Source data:
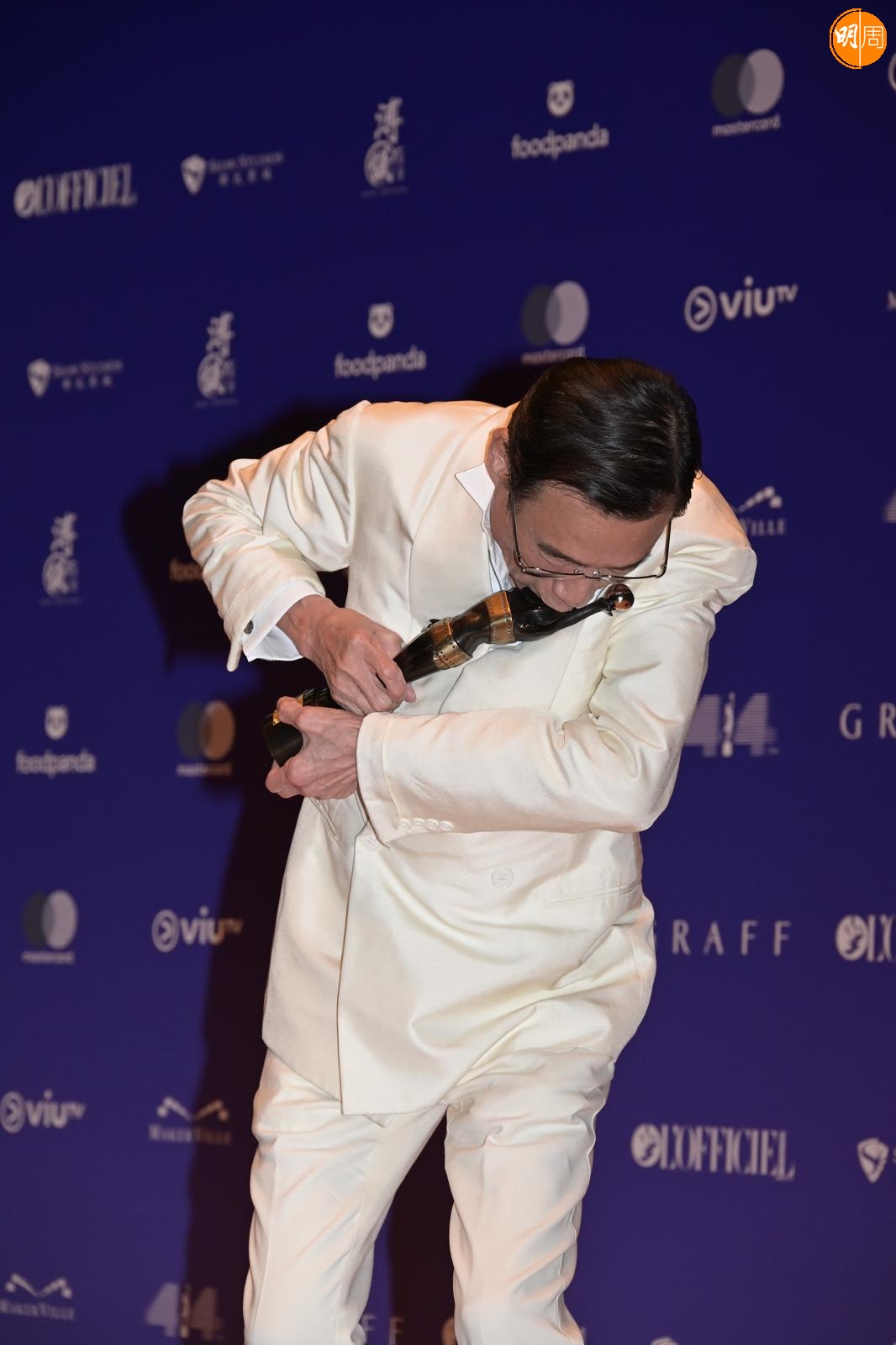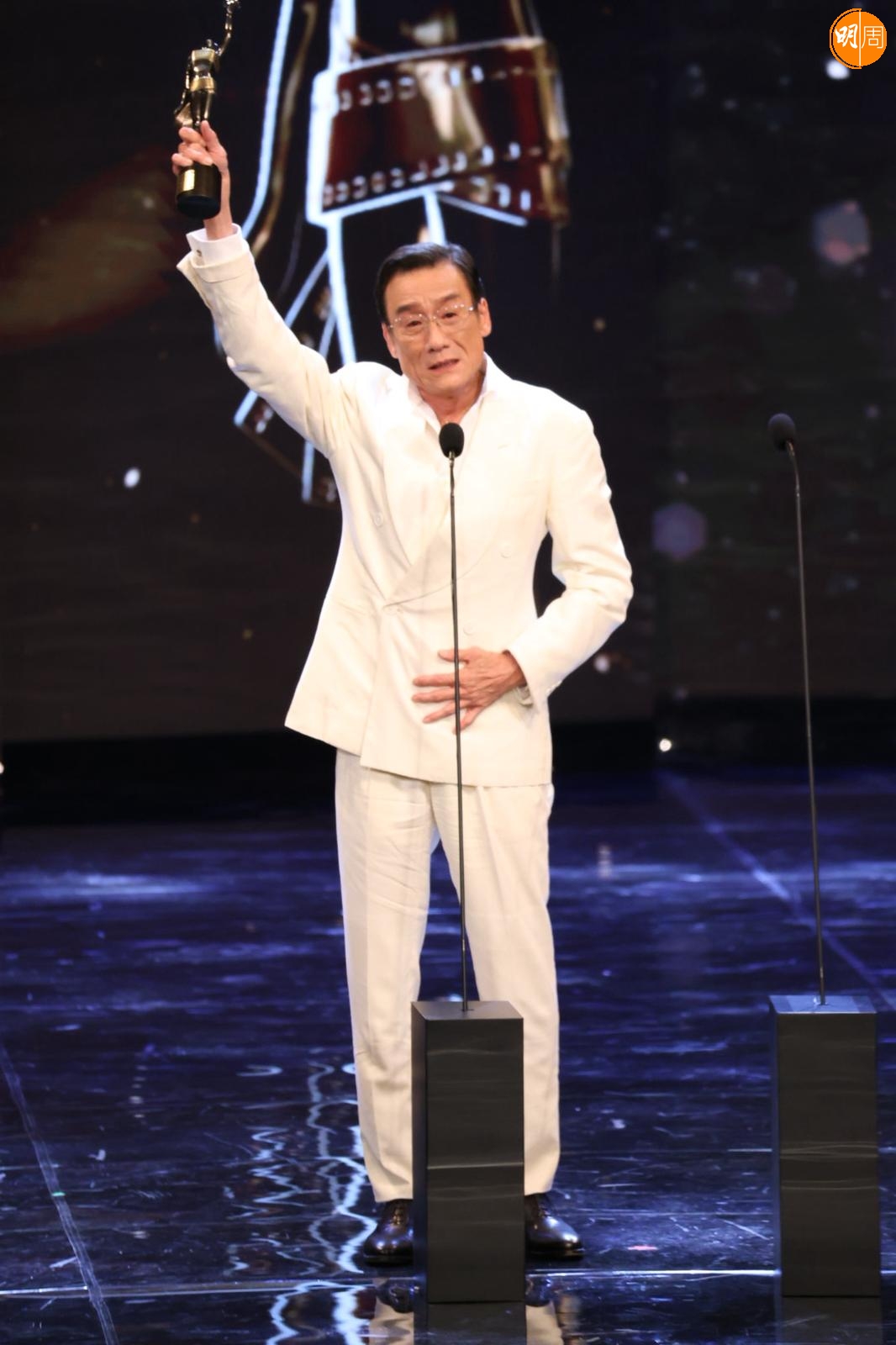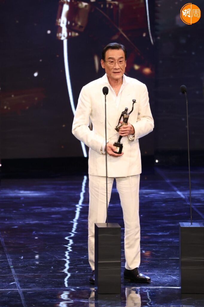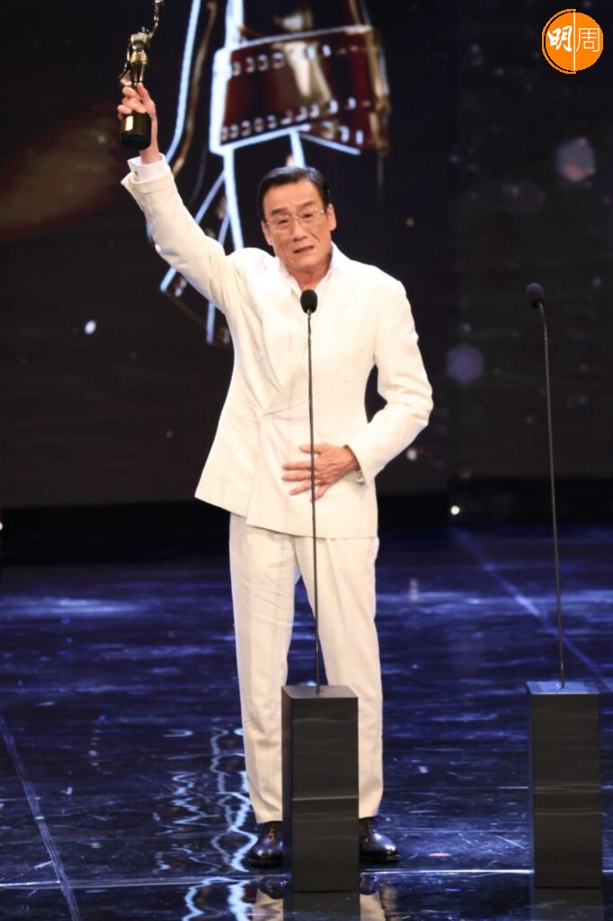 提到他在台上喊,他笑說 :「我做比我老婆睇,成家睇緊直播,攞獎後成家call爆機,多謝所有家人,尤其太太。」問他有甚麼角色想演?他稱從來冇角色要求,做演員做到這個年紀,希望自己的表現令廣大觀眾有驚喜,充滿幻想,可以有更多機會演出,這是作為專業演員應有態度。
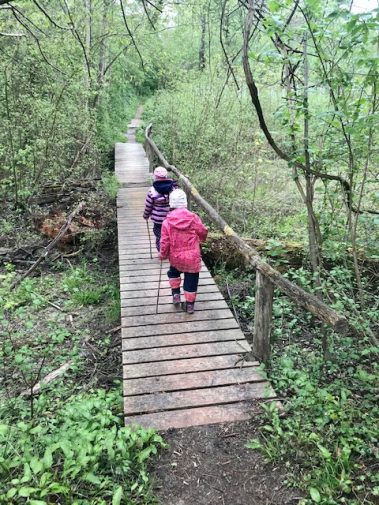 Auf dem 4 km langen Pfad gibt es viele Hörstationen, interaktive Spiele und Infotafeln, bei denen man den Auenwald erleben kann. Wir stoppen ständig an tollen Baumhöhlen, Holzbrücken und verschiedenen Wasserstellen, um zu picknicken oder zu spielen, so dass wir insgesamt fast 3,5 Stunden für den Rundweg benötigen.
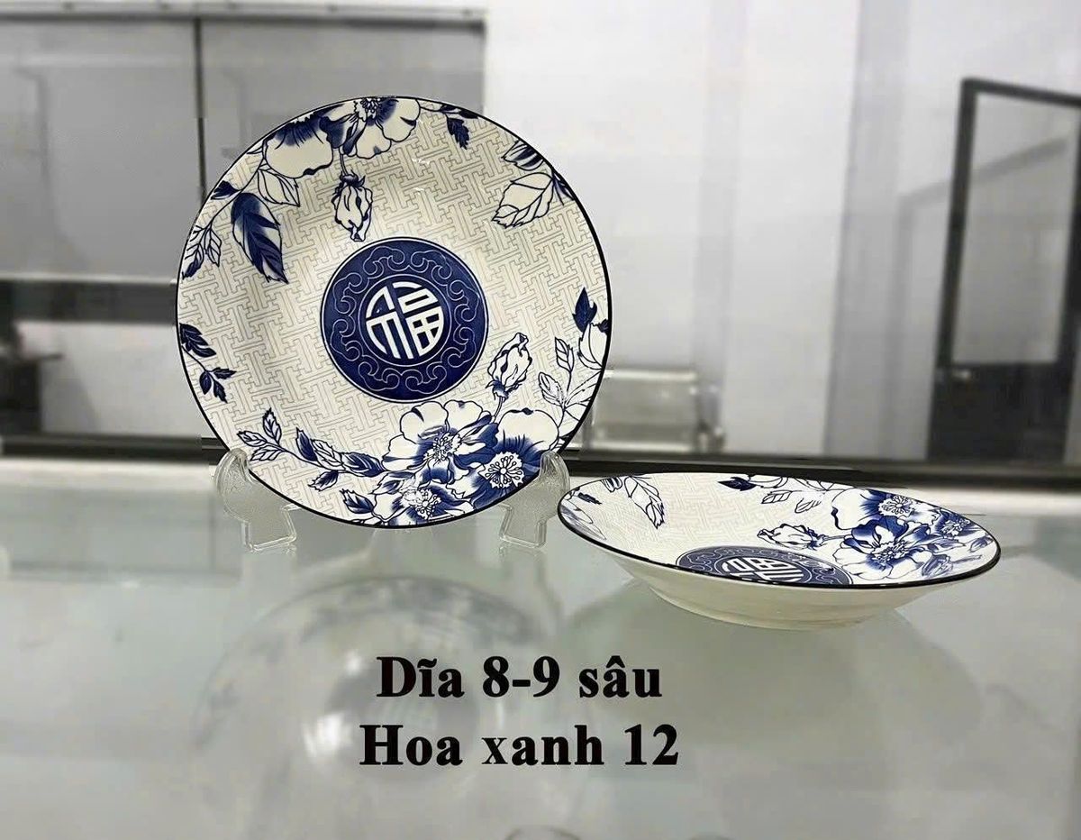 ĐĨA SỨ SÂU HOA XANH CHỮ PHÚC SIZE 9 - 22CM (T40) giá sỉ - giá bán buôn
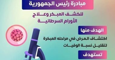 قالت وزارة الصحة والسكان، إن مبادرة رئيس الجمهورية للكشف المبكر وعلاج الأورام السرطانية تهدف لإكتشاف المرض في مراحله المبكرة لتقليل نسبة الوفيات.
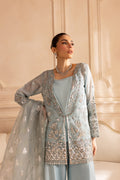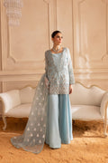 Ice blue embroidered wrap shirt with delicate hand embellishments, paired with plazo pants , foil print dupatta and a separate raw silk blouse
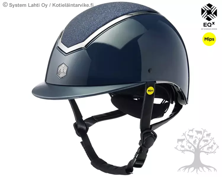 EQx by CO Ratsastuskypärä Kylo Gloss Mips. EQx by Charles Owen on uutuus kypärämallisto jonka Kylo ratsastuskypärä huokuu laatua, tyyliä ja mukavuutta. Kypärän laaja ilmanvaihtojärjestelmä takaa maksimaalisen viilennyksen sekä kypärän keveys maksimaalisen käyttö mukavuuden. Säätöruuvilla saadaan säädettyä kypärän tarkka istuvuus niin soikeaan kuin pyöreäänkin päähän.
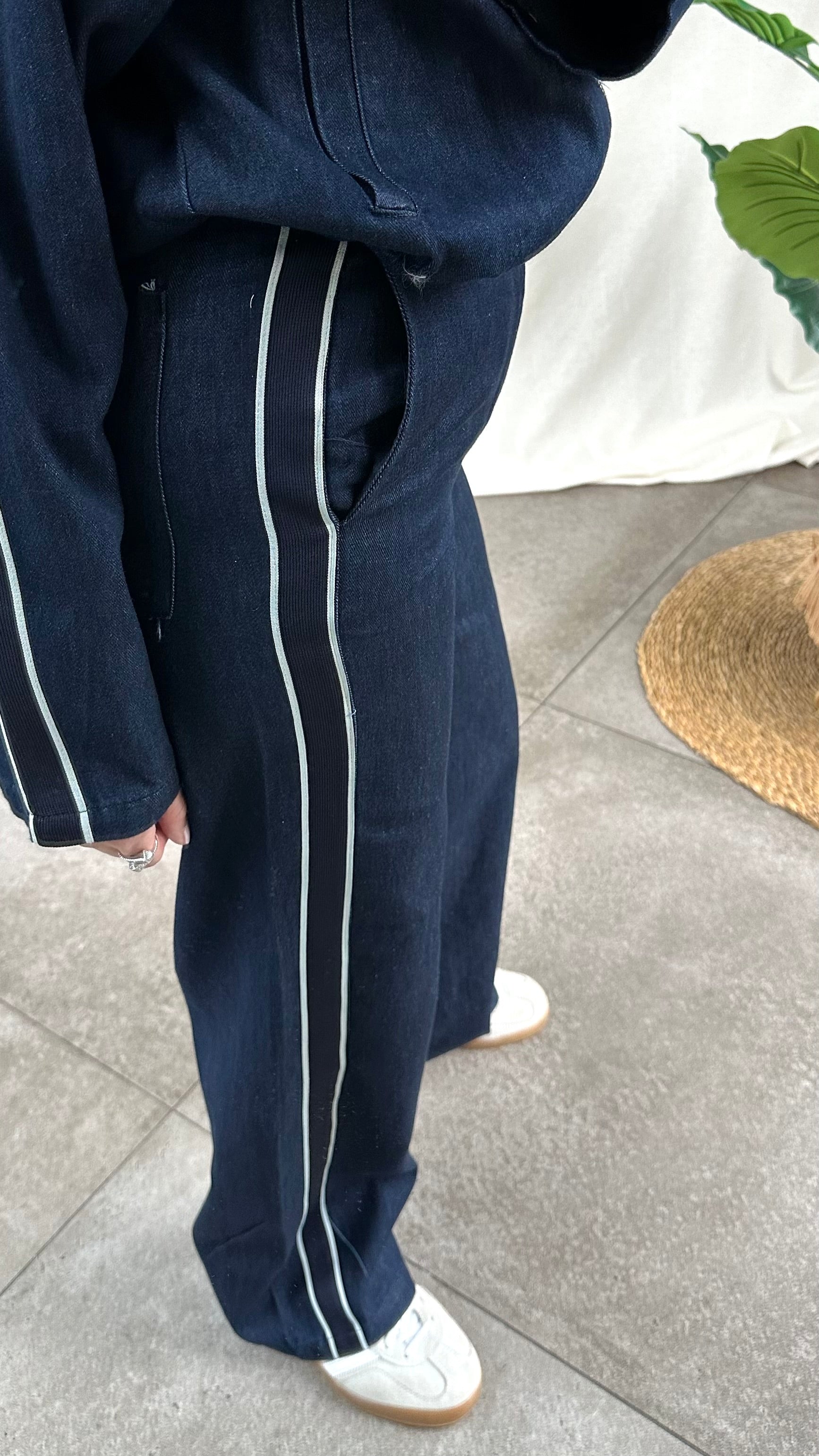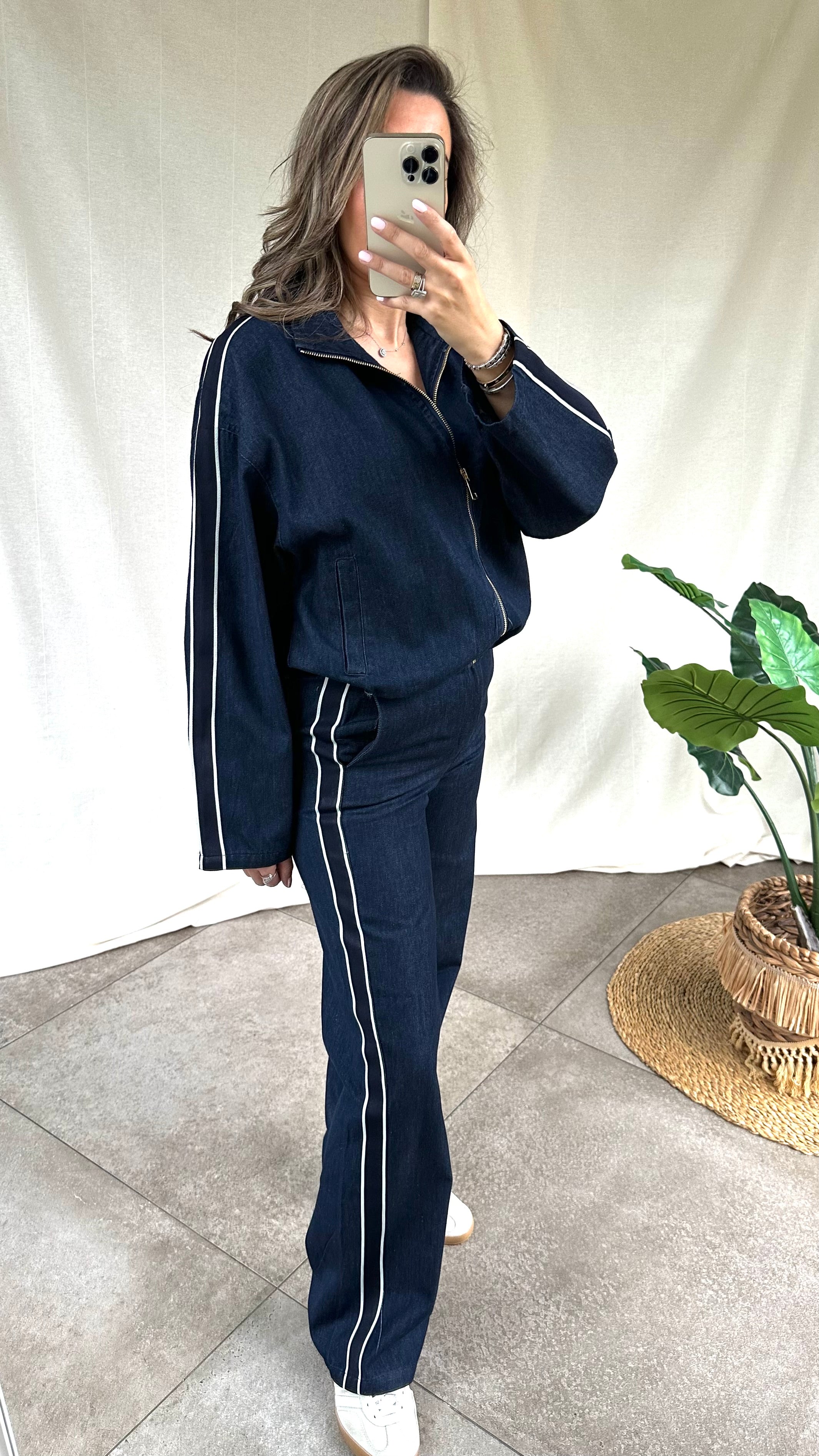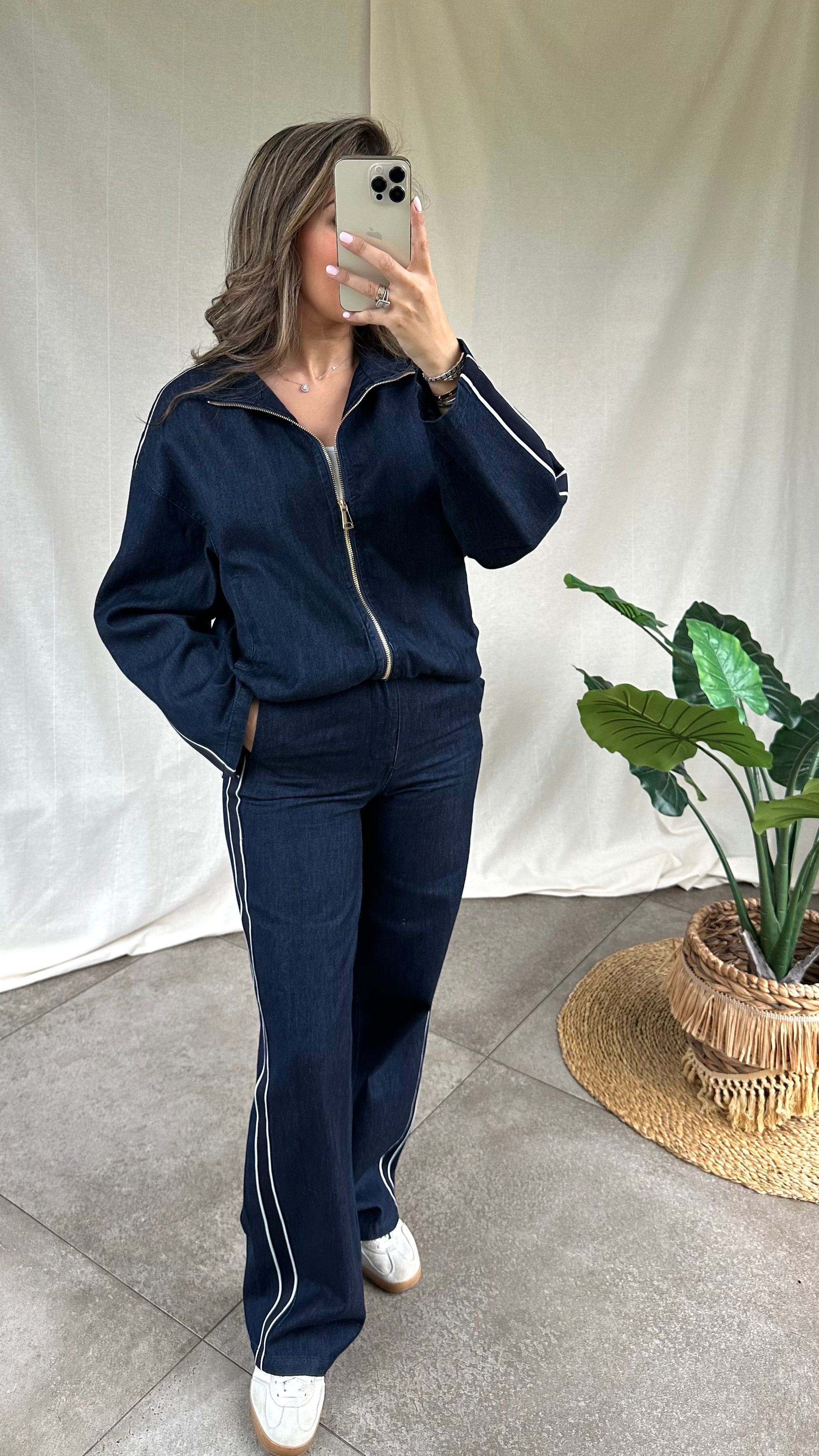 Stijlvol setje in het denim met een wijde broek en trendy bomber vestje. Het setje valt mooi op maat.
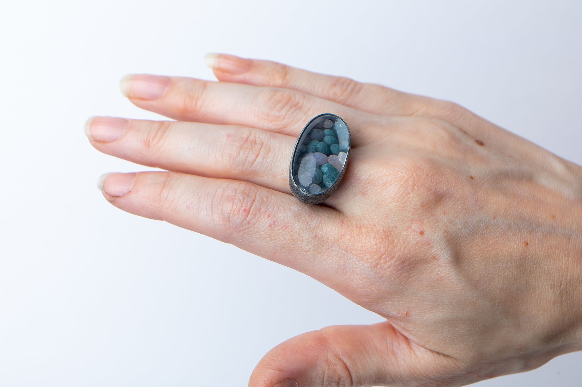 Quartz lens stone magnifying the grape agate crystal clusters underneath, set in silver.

### GOAL OF THE EXERCISE
Once you find the line containing "Ice blue embroidered", transcribe it and each line after it to the end of the records exactly, and leave out the pictures.

### TASK SOLUTION
 Ice blue embroidered wrap shirt with delicate hand embellishments, paired with plazo pants , foil print dupatta and a separate raw silk blouse
 EQx by CO Ratsastuskypärä Kylo Gloss Mips. EQx by Charles Owen on uutuus kypärämallisto jonka Kylo ratsastuskypärä huokuu laatua, tyyliä ja mukavuutta. Kypärän laaja ilmanvaihtojärjestelmä takaa maksimaalisen viilennyksen sekä kypärän keveys maksimaalisen käyttö mukavuuden. Säätöruuvilla saadaan säädettyä kypärän tarkka istuvuus niin soikeaan kuin pyöreäänkin päähän.
 Stijlvol setje in het denim met een wijde broek en trendy bomber vestje. Het setje valt mooi op maat.
 Quartz lens stone magnifying the grape agate crystal clusters underneath, set in silver.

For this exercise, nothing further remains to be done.